Tomorrow we will proceed with the migration of the service toward the new host contint1001. Though there are a few blockers such as figuring out firewall rules (T137323), making sure Zuul works on Jessie and updating the IP address in Puppet and Jenkins jobs.

Jdforrester-WMF subscribed.Jun 8 2016, 4:49 PM

More details before I go:

there are several backups on db1085:/srv/backup/gallium.wikimedia.org

sda.img
sdb.img

which are raw dd copies of the sda and sdb disks (currently loopback-mounted on /mnt and subdirs).

There are some unfinished backups on: einsteinium:/srv/backup/gallium.wikimedia.org

db1085 has a root screen session copying /var/lib/jenkins to the same location on contint1001 (which is also receiving that data on a root screen session). You can attache to either of those sessions to check what is being done, or just ls/du the appropiate dir.

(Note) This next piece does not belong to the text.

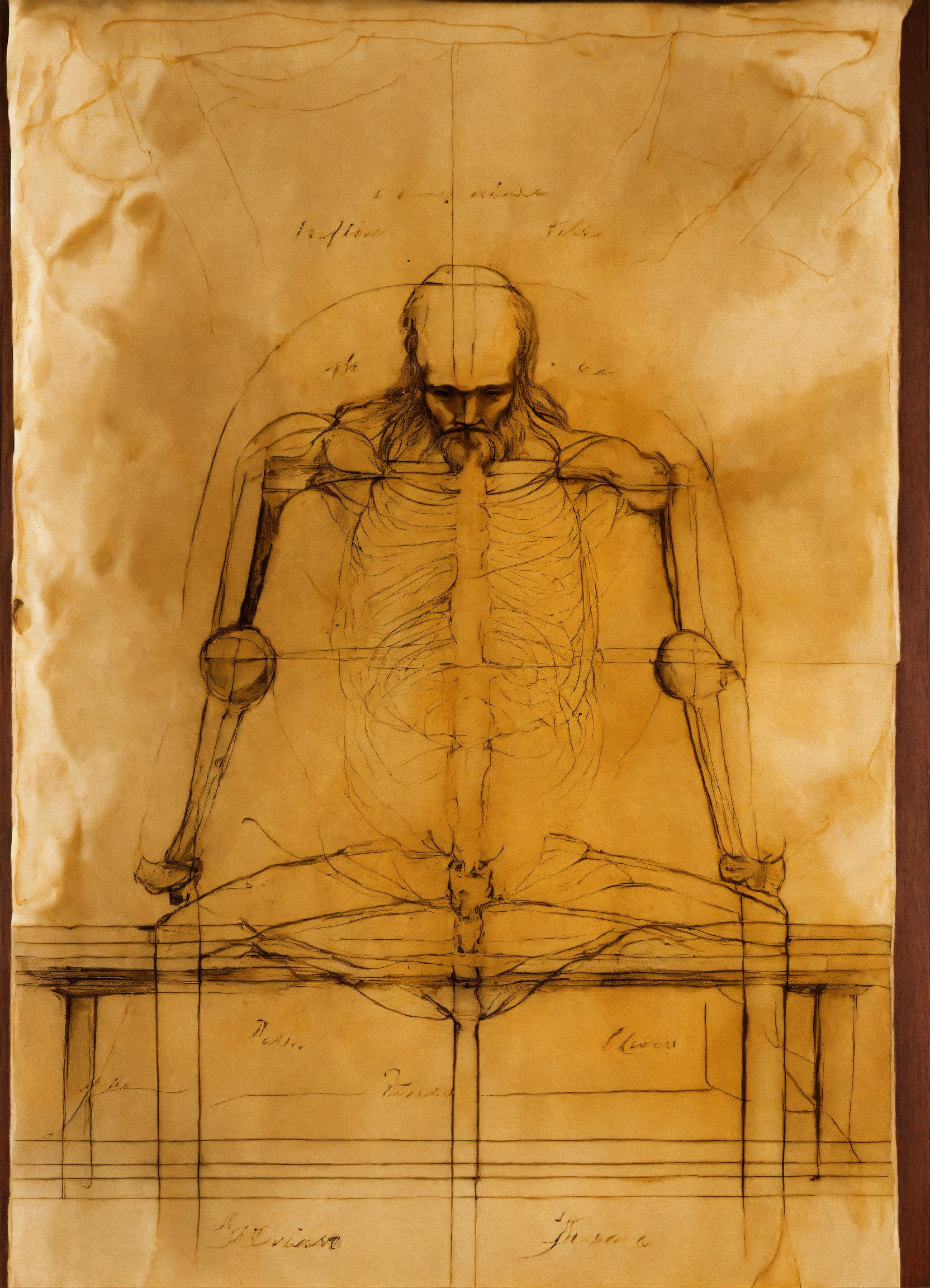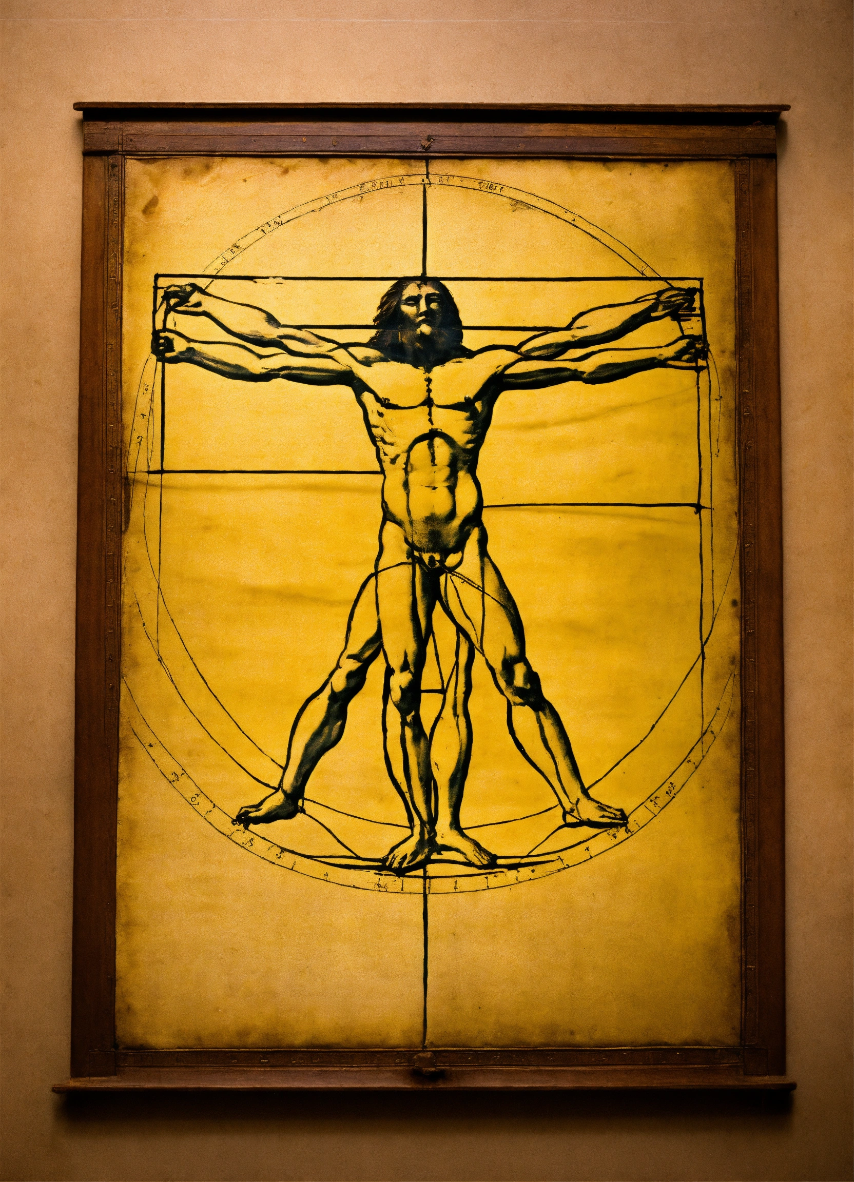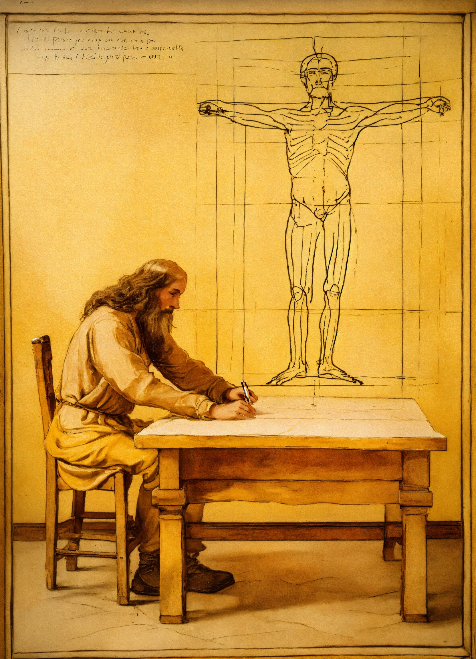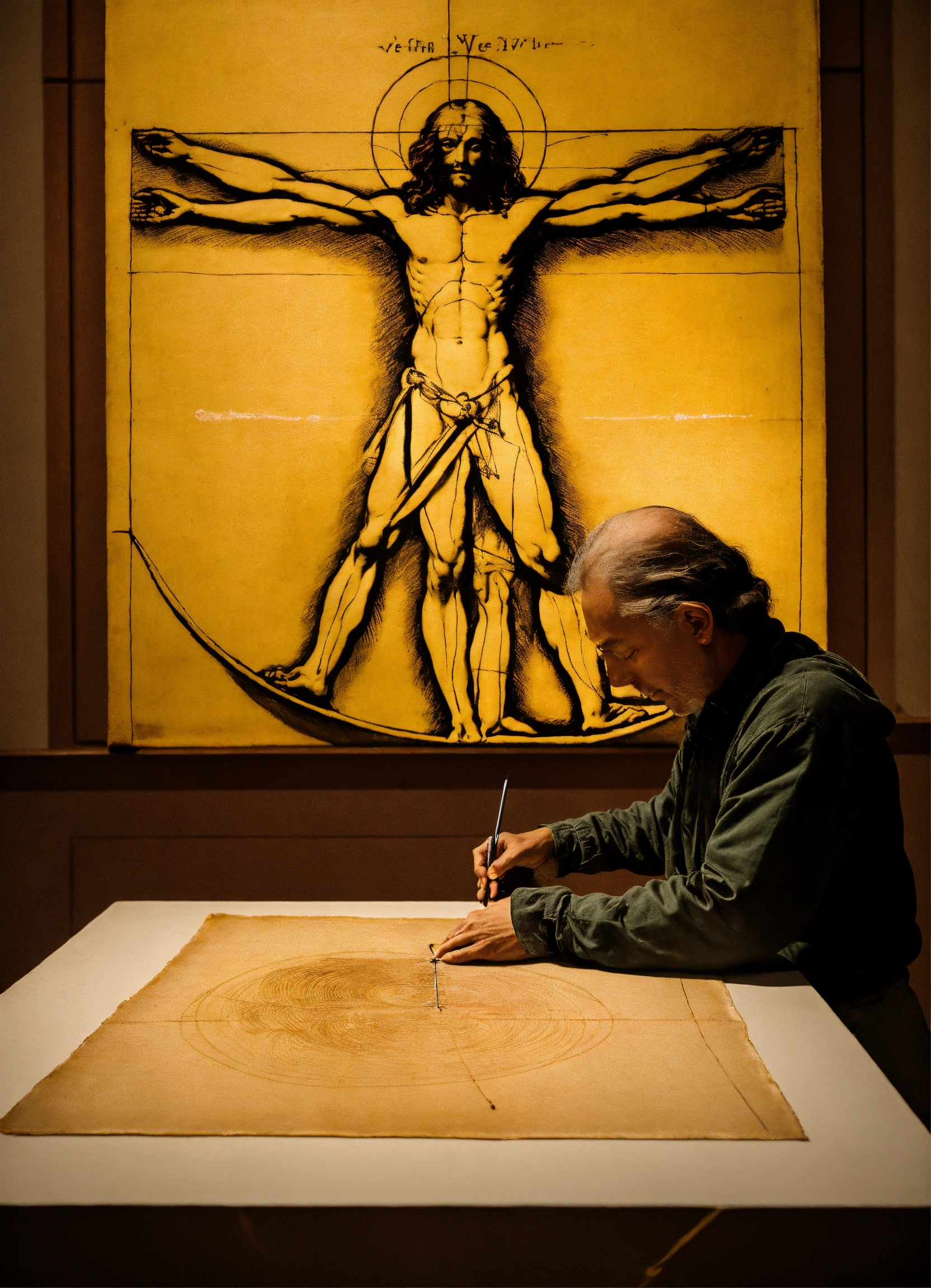 Image with photograph technique, by leonardo da vinci observing the initial stroke on a yellowish parchment on a table, the vetruvian man, in a florentine environment

gallium is still cloning its disk:

gallium:~$ cat /proc/mdstat 
Personalities : [linear] [multipath] [raid0] [raid1] [raid6] [raid5] [raid4] [raid10] 
md0 : active raid1 sdc2[2] sda2[0]
      480573376 blocks [2/1] [U_]
      [======>..............]  recovery = 31.6% (152319744/480573376) finish=69.0min speed=79240K/sec
      
unused devices: <none>

18:50 mark poked me stating that the raid rebuild is complete and gallium rebooted. He confirmed that the raid/disks status is all clear as of now. So we can resume Jenkins/Zuul now.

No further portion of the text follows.